Robert Woodhouse (born 23 June 1966) is an Australian former competition swimmer who specialised in medley swimming. He is now a prominent sports agent and company director.  Woodhouse and Brendon Smith are the only Australian men to have won an Olympic medal in an individual medley event. He was awarded the Australian Sports Medal in 2000.

Biography 
Woodhouse was educated at Melbourne's Scotch College, Swinburne University (BBus), and Victoria University (MBA).

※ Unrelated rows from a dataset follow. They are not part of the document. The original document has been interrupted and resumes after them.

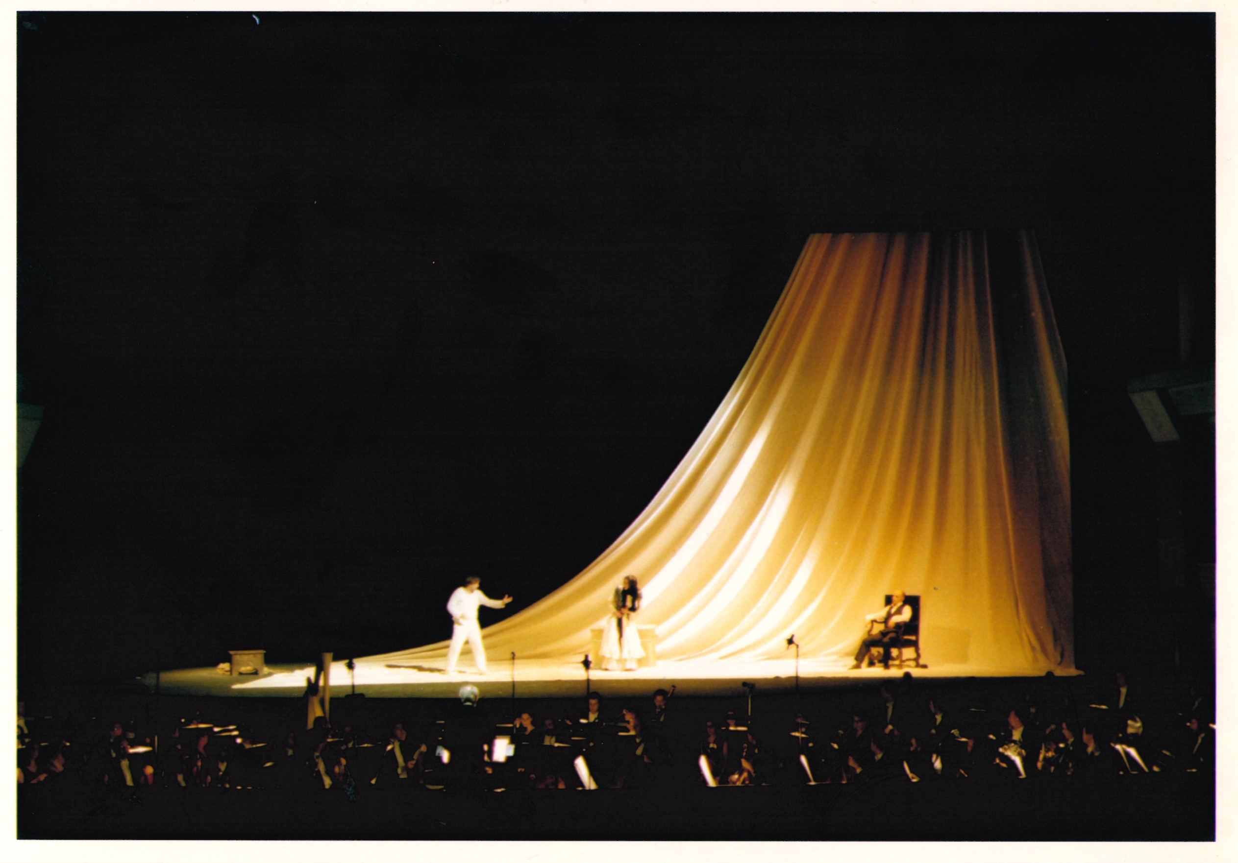 Abbiamo inoltre un cast davvero formidabile, composto non solo da cantanti ma anche da grandi attori come Sandro Lombardi; abbiamo dunque come risultato questo dialogo interessantissimo fra l’Orchestra, il Coro, i cantanti e gli attori; una situazione davvero singolare, nella quale l’attore ha modo di trasmettere delle emozioni particolari, evocando determinate sensazioni solo con il modo di parlare o di recitare.”
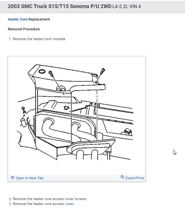 Need step by step Instructions on how to replace a heater core in 2003 GMC Sonoma
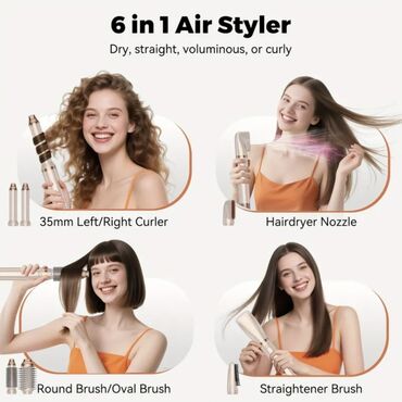 6 fərqli başlıq (fen, burucu, oval fırça, dairəvi fırça, düzləşdirici və s.)
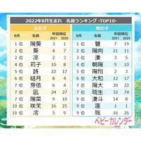 名前で夏らしさを感じる「夏っぽネーム」が増加!「凪」「海」「夏」などSUMMER感ある漢字を使った名前が大人気!2022年『8月生まれベビーの名づけトレンド』発表!
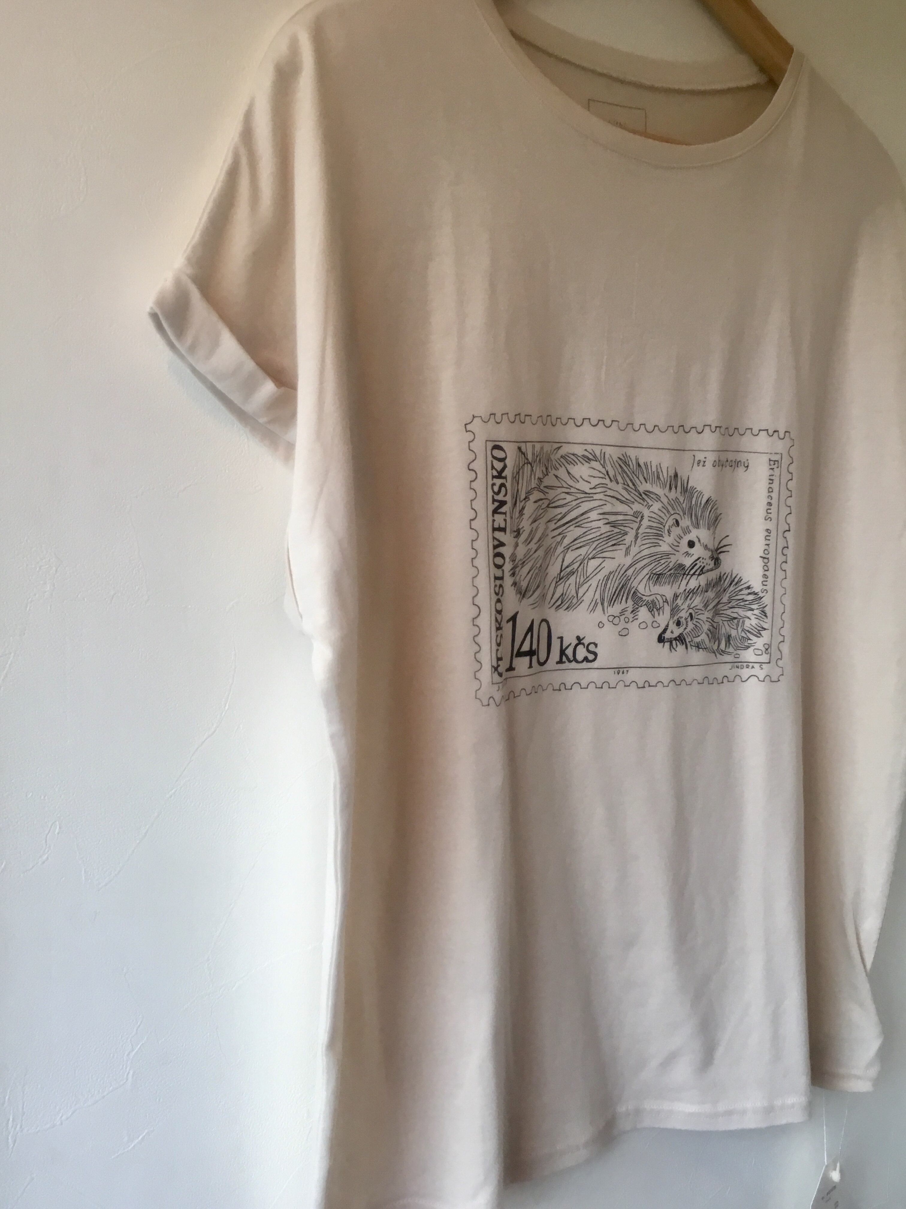 ハリネズミのイラストも可愛くて愛着が湧いてくる一着です。オーバーサイズが今っぽく、レーヨン混なのでしなやかに体に寄りそってくれ、だらしなくならないのも良いところ。またボトムにインしても綺麗なシルエットを作ってくれるので、いろんなボトムに合わせて楽しんでいただけます。

Representing the Australian swimming team, he competed at the 1984 Summer Olympics in Los Angeles and the 1988 Summer Olympics in Seoul, as well as the Commonwealth Games in Brisbane (1982), Edinburgh (1986), and Auckland (1990).  He was an Australian Institute of Sport (AIS) scholarship holder. His sister Susie was also an AIS scholarship holder. He is also the uncle of Susie's children, David and Emma McKeon, who are also Olympic swimmers.

Sporting achievements 

 Bronze, 400 Metre Individual Medley, 1984 Los Angeles Olympics
 US National Champion 400m Individual Medley – 1984
 Silver, 200m Individual Medley, Pan Pacific Games, Tokyo – 1985
 Silver, 200 Metre Individual Medley, 1986 Commonwealth Games, Edinburgh
 Silver, 400 Metre Individual Medley, 1986 Commonwealth Games, Edinburgh
 Gold, 400 Metre Individual medley, 1987 World University Games, Zagreb
 Silver, 400 Metre Individual Medley, 1990 Commonwealth Games, Auckland
Woodhouse retired from swimming in 1990.
 Duke Kahanamoku Medal, Australian Monthly Swim 2019, Sydney

Business career 

Woodhouse set up his own sports management company in 1995. In the following years, he merged his business with the firm of former Collingwood football player Craig Kelly, forming Elite Sports Properties.

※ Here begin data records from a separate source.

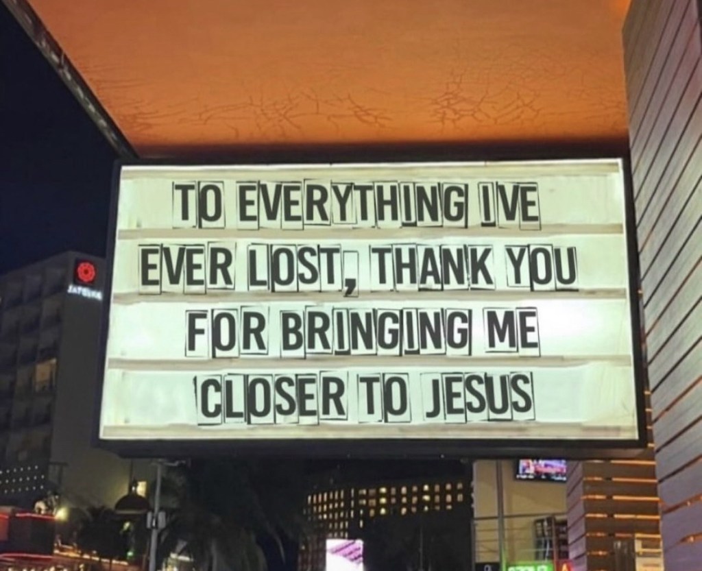 “To everything I’ve ever lost, thank you for bringing me closer to Jesus.”
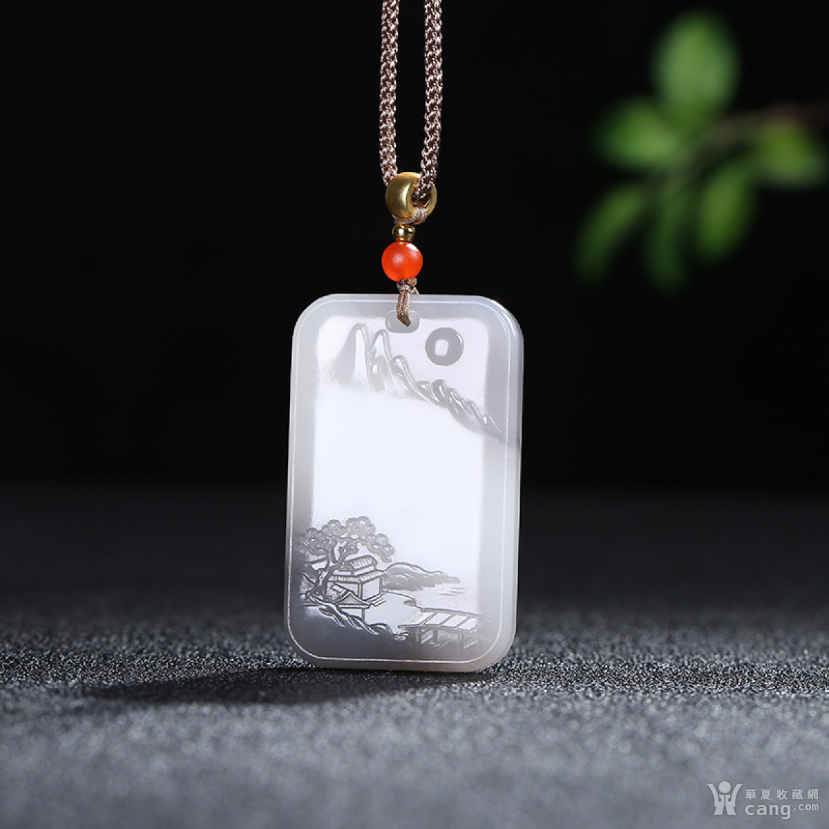 富贵山居 天然玉石和田玉烟青烟紫白玉山水牌子吊坠30.76g
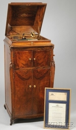 | | A Victor Victrola VV-XVI Phonograph in Circassian walnut cabinet with ogee lid and apron; image credit on full record. |
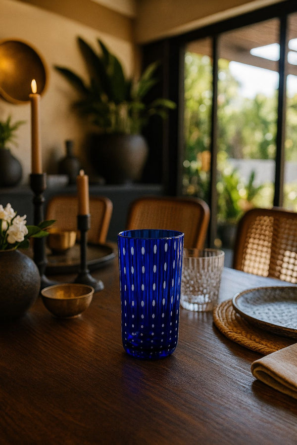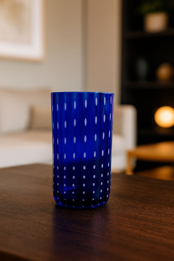 O Copo Veneza é uma verdadeira celebração do design sofisticado e atemporal. Produzido em vidro de alta qualidade, ele se destaca pelo intenso tom de azul profundo que transmite personalidade e elegância, enquanto seus delicados pontos verticais adicionam movimento, textura e charme visual. Inspirado na tradição artesanal italiana, esse copo une arte e funcionalidade, transformando o simples ato de servir em uma experiência refinada.
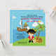 Comece seu partido fora do direito com nosso Ahoy convite de aniversário adorável do pirata dos companheiros que caracteriza o pirata triguenho pequeno o mais bonito em uma praia com uma palmeira, a arca do tesouro e um navio de pirata com uma vela do papagaio no mar no fundo. Aperfeiçoe para um primeiro aniversario ou toda a mudança do aniversário… apenas o aniversário. Inteiramente customizável por você com sua informação. design ©Babystar
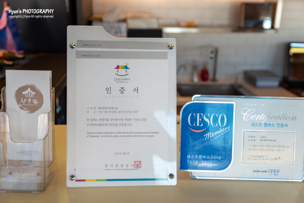 아무래도 한옥호텔이다 보니 경주를 찾는 외국인 관광객들도 자주 방문을 해서인지 전통공예품이나 기념품들도 판매를 하고 있더군요. 최근 경주에 한옥호텔이 점점 늘어나고 있는 가운데, 경주 황남관은 한국관광공사 품질인증을 받은 숙소라 나름 믿고 편안한 하룻밤을 보낼 수 있을 것 같았습니다.

Elite Sports Properties became Australia's foremost sports management company, representing hundreds of top Australian Olympians, footballers and media personalities. The company established in Great Britain in 2008, representing a number of high-profile British Olympians including Sir Chris Hoy, Rebecca Adlington and Adam Peaty.  In 2015 the company was sold to TLA Worldwide.

Woodhouse has also appeared as part of various radio and television swimming commentary teams at swimming world championships (1998, 2007, 2009), Olympic Games (2004, 2008, 2012, 2016 and 2020), and Commonwealth Games (1994, 2006, 2010, 2014 and 2018).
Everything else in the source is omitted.